The history of agriculture contains many highlights that remain “a thing in itself,” underestimated by descendants, but worthy of becoming a “thing for everyone.” They are the ones you should be interested in first of all. Believe me: the legacy of our forebears is worth studying closely. It is rich and varied. And only after getting used to it, having gained some experience, including the ability to separate and analyze factors and compare their role in achieving the result, you can take a closer look at new products (or invent your own) and, perhaps, free up a bit of resources (effort, time and money) with their help. . RELEASE! Reduce expenses and workload, enjoy free time! And not to dig another bypass channel through which resources (time, effort, finances) would flow away.
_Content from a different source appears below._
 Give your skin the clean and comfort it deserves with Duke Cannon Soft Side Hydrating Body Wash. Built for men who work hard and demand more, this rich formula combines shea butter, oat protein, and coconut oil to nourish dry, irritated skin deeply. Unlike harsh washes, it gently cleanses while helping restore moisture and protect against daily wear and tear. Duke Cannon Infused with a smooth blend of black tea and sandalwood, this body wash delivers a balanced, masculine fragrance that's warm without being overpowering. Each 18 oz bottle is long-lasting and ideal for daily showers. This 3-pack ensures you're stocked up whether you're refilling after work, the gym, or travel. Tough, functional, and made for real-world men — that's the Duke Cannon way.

I definitely prefer archaeologist's brush. Not a retrograde, I carried and carry “new items” in my backpack (and not only my own). I am interested in them and willingly talk about them. But, alas, I often became convinced over time, with the invaluable help of listeners and readers, that I was talking about a one-day butterfly. That is why I treat “new products” with restraint, I myself put this word in quotation marks and constantly look for whether our predecessors had anything better.
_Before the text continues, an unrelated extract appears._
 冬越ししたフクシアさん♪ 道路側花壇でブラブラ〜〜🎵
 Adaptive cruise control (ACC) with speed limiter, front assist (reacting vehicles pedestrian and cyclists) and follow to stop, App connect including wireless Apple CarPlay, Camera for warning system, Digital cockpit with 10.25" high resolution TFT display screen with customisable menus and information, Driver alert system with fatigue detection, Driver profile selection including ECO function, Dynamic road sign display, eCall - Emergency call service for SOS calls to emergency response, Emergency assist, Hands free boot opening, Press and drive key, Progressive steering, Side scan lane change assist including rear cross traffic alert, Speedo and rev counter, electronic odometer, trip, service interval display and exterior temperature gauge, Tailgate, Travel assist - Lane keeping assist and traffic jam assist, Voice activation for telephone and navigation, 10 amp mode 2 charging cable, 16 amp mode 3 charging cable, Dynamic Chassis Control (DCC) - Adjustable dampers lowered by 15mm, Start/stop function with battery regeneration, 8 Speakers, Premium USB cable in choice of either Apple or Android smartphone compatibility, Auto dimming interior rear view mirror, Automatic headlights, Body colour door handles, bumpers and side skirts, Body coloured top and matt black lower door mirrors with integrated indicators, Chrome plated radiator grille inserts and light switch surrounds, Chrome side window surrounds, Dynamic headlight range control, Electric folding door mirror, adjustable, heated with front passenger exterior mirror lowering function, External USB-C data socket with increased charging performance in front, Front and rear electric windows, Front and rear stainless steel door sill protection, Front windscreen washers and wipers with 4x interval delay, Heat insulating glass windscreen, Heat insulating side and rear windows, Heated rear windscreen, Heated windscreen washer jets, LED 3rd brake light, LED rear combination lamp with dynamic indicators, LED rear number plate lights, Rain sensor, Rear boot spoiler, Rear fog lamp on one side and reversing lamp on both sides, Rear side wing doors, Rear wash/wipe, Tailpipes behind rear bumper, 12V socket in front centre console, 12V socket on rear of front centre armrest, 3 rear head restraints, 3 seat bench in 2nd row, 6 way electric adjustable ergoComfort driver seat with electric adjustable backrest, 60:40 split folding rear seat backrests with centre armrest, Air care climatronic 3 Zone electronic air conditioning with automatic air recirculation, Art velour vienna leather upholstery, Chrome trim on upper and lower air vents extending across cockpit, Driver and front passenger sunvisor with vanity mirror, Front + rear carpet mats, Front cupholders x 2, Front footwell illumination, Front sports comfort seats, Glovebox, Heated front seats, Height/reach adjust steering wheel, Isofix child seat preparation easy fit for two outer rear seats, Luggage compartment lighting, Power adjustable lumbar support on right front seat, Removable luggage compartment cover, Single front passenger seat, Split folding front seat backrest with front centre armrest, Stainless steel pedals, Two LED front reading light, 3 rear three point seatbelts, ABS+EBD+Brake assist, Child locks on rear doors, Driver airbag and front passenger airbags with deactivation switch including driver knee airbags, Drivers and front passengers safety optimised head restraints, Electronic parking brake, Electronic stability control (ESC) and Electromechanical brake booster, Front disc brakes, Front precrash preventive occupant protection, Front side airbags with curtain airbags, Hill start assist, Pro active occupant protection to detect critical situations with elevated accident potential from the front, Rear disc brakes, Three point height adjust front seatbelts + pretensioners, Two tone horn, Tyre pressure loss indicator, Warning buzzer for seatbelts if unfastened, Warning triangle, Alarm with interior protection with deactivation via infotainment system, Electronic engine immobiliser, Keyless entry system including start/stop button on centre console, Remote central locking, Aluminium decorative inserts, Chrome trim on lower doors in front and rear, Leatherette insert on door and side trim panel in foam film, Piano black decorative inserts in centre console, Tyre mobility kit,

There are a number of other reasons for caution regarding “fresh” inventions.

In particular, inventors tend to expand the scope of the invention. There seems to be nothing reprehensible. But this scatters the attention of users, and sometimes devalues ​​the true find. Unfortunately, even our outstanding contemporary V.V. Fokin, the inventor of the amazing Fokina flat cutter.

The invaluable advantage of Vladimir Vasilyevich’s invention is not at all what is in the Garden Centers different countries- from Canada to Austria - there is no weapon comparable “in valor” to the Fokin flat cutter. The advantage of a flat cutter is not even that it is more convenient to weed than other tools - it is able to completely muffle the annoying problem of weeding.
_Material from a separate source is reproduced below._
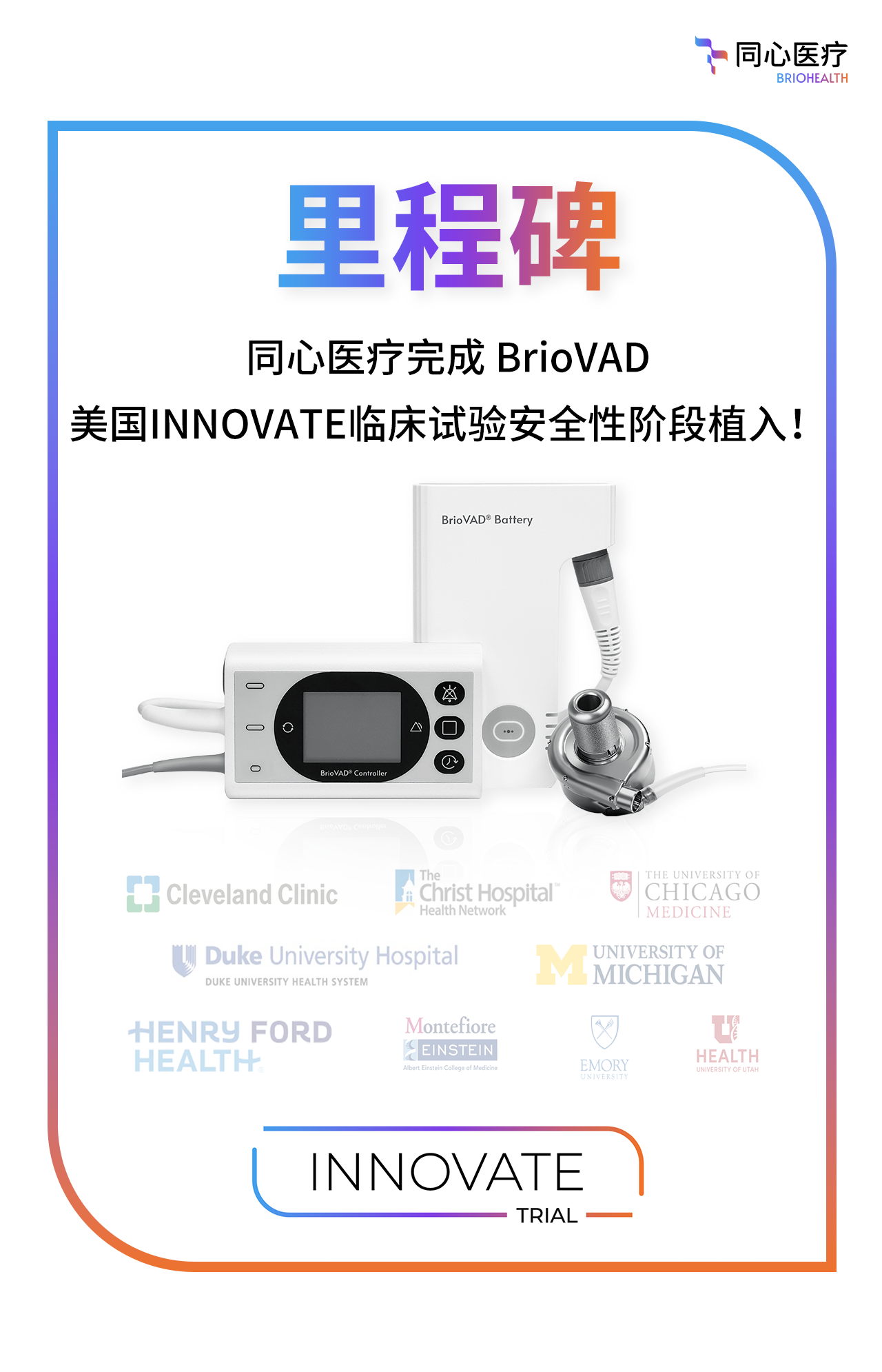 近日,同心医疗全资子公司BrioHealth Solutions, Inc.完成了公司自主研发的全磁悬浮左心室辅助装置BrioVAD美国INNOVATE临床试验安全性阶段的植入工作,实现了又一重要里程碑。这标志着该试验安全性阶段30天随访工作的全面启动,并将在数据收集完成后递交美国食品药品监督管理局(FDA),以便进入确证性阶段。同时,公司正在加速确证性阶段的各项筹备工作;根据INNOVATE临床试验的设计方案,在进入确证性阶段后,入组中心数量允许扩展至60家。

Once, at the Krameterhof estate of Sepp Holzer, I gave a master class with a Fokin flat cutter for the charming Frau Weronika, Sepp’s wife. Her delight continually grew, and at the end of the “lesson” she declared: “This is a tool for me!” Sepp himself invariably speaks of the flat cutter as an extraordinary tool. It is a pity that the inventor was not destined to live to see these eloquent confessions.

Here are my 2 cents. In the 1990s, one of the first in Ukraine, I became the owner of a Fokin flat cutter. I bought it in a “pie” IZH-400 from the same plant in Sudogda, Vladimir Region, which began producing the Fokin line of guns. My neighbor (peer) Olga Andreevna and I weeded our vegetable gardens in the spring for the first time. Olga Andreevna, as usual, used a hoe with a short handle (bent over, as usual), and I used a new one (standing at full height). After 2 or 3 weeks, on a hot June day, Olga Andreevna went out weeding again. I began to persuade her to spare herself and leave the garden before evening. And in response: “It’s good for you, your garden is clean, but in mine the wolves will howl until evening.”

And then I took a closer look at my beds - absolutely CLEAN! Why such a contrast? It soon dawned on me: I was holding the long handle of the flat cutter CORRECTLY, like a scythe (thumbs on the handle pointing up). And such a grip physically did not allow me to bend down and the blade of the flat cutter to go deeper than 2–3 cm. From this depth, the weed seeds had already sprouted in the spring. Until the first weeding! I didn’t raise any new seeds! And my beds were really clean after the first weeding. THE FLAT CUTTER LOST HIMSELF'S JOB?! The incredible dignity of the weapon!

Well, the neighbor’s hoe, who held it in the usual way, “like everyone else,” that is, like a stove grip (thumbs down on the short handle), climbed into the depths at least 8-10 cm. New weed seeds rose from the depths. Naturally, the garden became more clogged than before weeding. So the second weeding became even more urgent than the first.

Unfortunately, Vladimir Vasilyevich succumbed to the typical (understandable and absolutely not shameful!) desire of inventors to make his discovery as popular as possible. He described 20 (!) jobs that can be done with a flat cutter, including mowing grass and removing manure. The flat cutter “covered” not only agriculture, but also livestock farming. But he didn’t actually stop at the decisive advantage, seemingly a trifle, but in fact the main highlight - the unusual grip of the gun. No drawing, no pictogram, no photograph. Just a passing mention that flew past the ears of most gun owners. And now I feel bitter and offended both for the flat cutter and for the blessed memory of Vladimir Vasilyevich, when in master classes (!) I invariably see how Club consultants(!?) they hold the flat cutter in their hands like a stove grip, reducing it to the level of a banal hoe or hoe.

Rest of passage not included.